Fredriksson Nils Johan, Elliott Kerryn, Filges Stefan, Van den Eynden Jimmy, Ståhlberg Anders, Larsson Erik
Department of Medical Biochemistry and Cell Biology, Institute of Biomedicine, The Sahlgrenska Academy, University of Gothenburg, Gothenburg, Sweden.
Sahlgrenska Cancer Center, Department of Pathology and Genetics, Institute of Biomedicine, The Sahlgrenska Academy, University of Gothenburg, Gothenburg, Sweden.
PLoS Genet. 2017 May 10;13(5):e1006773. doi: 10.1371/journal.pgen.1006773. eCollection 2017 May.

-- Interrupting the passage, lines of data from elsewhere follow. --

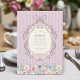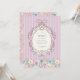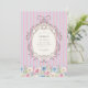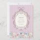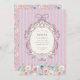 This enchanting birthday invitation features a whimsical floral wreath and elegant stripes, perfect for a young girl's celebration. The soft pink and blue striped background creates a playful yet sophisticated base, while the detailed floral border at the bottom adds a touch of natural beauty. The ornate oval frame at the top is designed to beautifully display all the essential party information, ensuring a clear and stylish announcement. It's a wonderful way to invite guests to a memorable birthday party with a touch of vintage charm.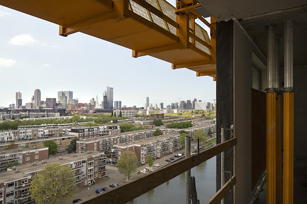 Behalve woningen komt in de toren een ruimte voor publieke functies, zoals een café of restaurant. Op die manier wordt het plein rond het gebouw geactiveerd en krijgt de levendigheid van het gebied een impuls. “Dat wordt een heel spannende ervaring”, zegt Van Oort. “Straks kun je vanaf het terras genieten van het uitzicht op de Maas, terwijl je verderop in de Piekstraat een vrachtwagen ziet laden en lossen.”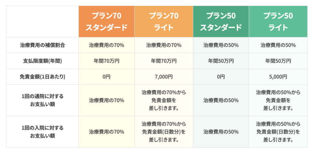 • 一定の自己負担額(例:通院1回につき3,000円など)を設定するプランもあり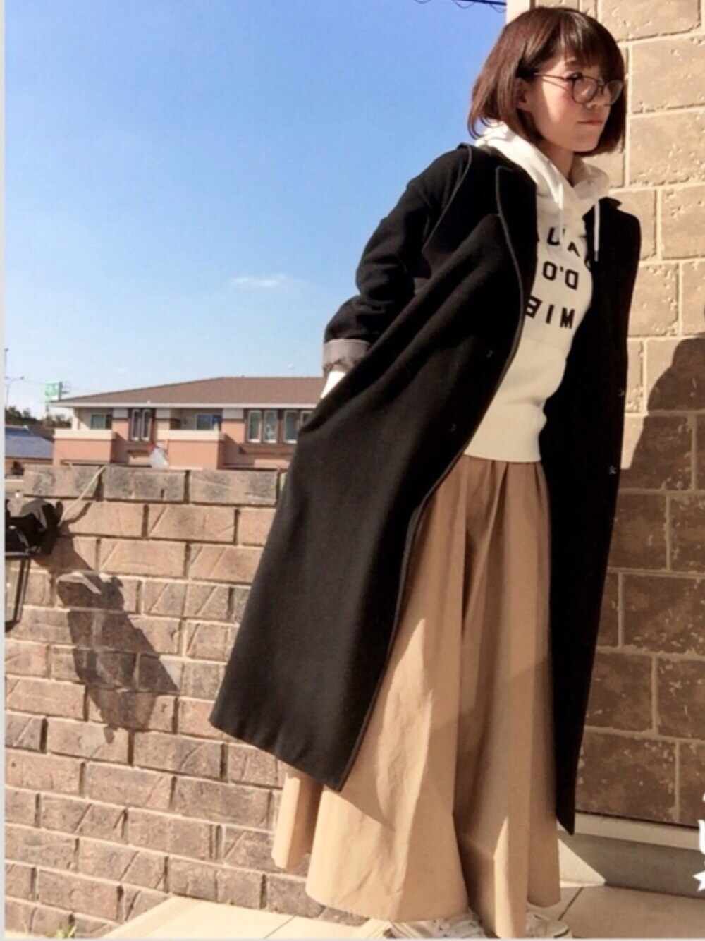 白パーカー+ベージュスカートでちょっとだけ春。でもまだまだ寒いのでコートは必須です!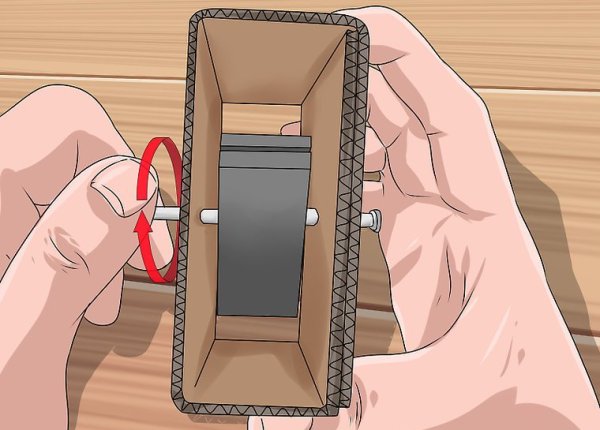 Через центр каркаса проводится металлическая ось, для этого используется гвоздь. В качестве оси может использоваться он же или другой металлический пруток.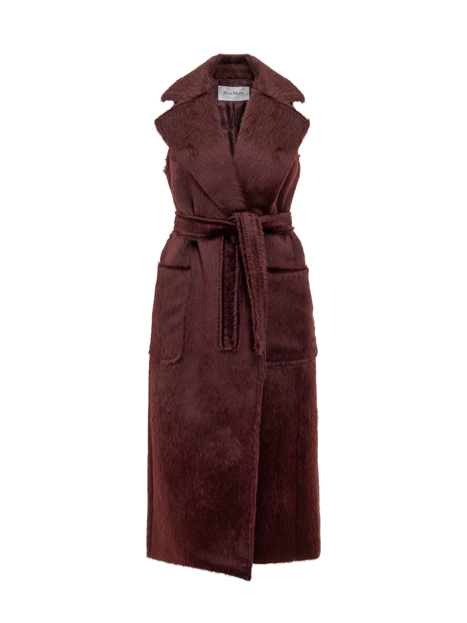 Max Mara long bordeaux wool vest with wide lapels, patch pockets and matching waist belt.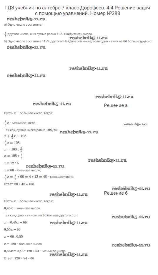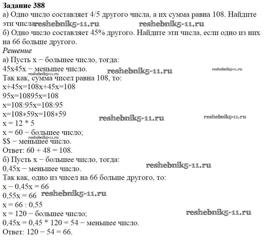 Готовая домашняя работа с ответами по Алгебре за 7 класс Дорофеев, Суворова, Бунимович Учебник Академический школьный учебник Просвещение 2020 ФГОС - Упражнения 388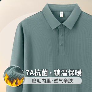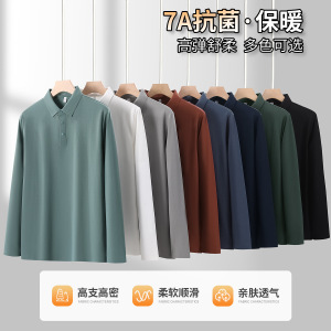 长袖T恤男士Polo衫纯色翻领中青年商务休闲秋针织上衣高弹透气

Sequencing of whole tumor genomes holds the promise of revealing functional somatic regulatory mutations, such as those described in the TERT promoter. Recurrent promoter mutations have been identified in many additional genes and appear to be particularly common in melanoma, but convincing functional data such as influence on gene expression has been more elusive. Here, we show that frequently recurring promoter mutations in melanoma occur almost exclusively at cytosines flanked by a distinct sequence signature, TTCCG, with TERT as a notable exception. In active, but not inactive, promoters, mutation frequencies for cytosines at the 5' end of this ETS-like motif were considerably higher than expected based on a UV trinucleotide mutational signature. Additional analyses solidify this pattern as an extended context-specific mutational signature that mediates an exceptional position-specific vulnerability to UV mutagenesis, arguing against positive selection. We further use ultra-sensitive amplicon sequencing to demonstrate that cell cultures exposed to UV light quickly develop subclonal mutations specifically in affected positions. Our findings have implications for the interpretation of somatic mutations in regulatory regions, and underscore the importance of genomic context and extended sequence patterns to accurately describe mutational signatures in cancer.
对整个肿瘤基因组进行测序有望揭示功能性体细胞调节突变,比如端粒酶逆转录酶(TERT)启动子中所描述的那些突变。在许多其他基因中也已鉴定出复发性启动子突变,并且在黑色素瘤中似乎尤为常见,但诸如对基因表达的影响等令人信服的功能数据却更难获得。在此,我们表明黑色素瘤中频繁出现的启动子突变几乎仅发生在由独特序列特征TTCCG侧翼的胞嘧啶处,端粒酶逆转录酶是一个显著的例外。在活跃而非不活跃的启动子中,基于紫外线三核苷酸突变特征,这种类ETS基序5'端胞嘧啶的突变频率远高于预期。进一步的分析证实了这种模式是一种扩展的上下文特异性突变特征,它介导了对紫外线诱变的特殊位置特异性易感性,这与正向选择相悖。我们进一步使用超灵敏扩增子测序来证明,暴露于紫外线的细胞培养物会迅速在受影响的位置特异性地产生亚克隆突变。我们的发现对调节区域体细胞突变的解释具有启示意义,并强调了基因组背景和扩展序列模式对于准确描述癌症突变特征的重要性。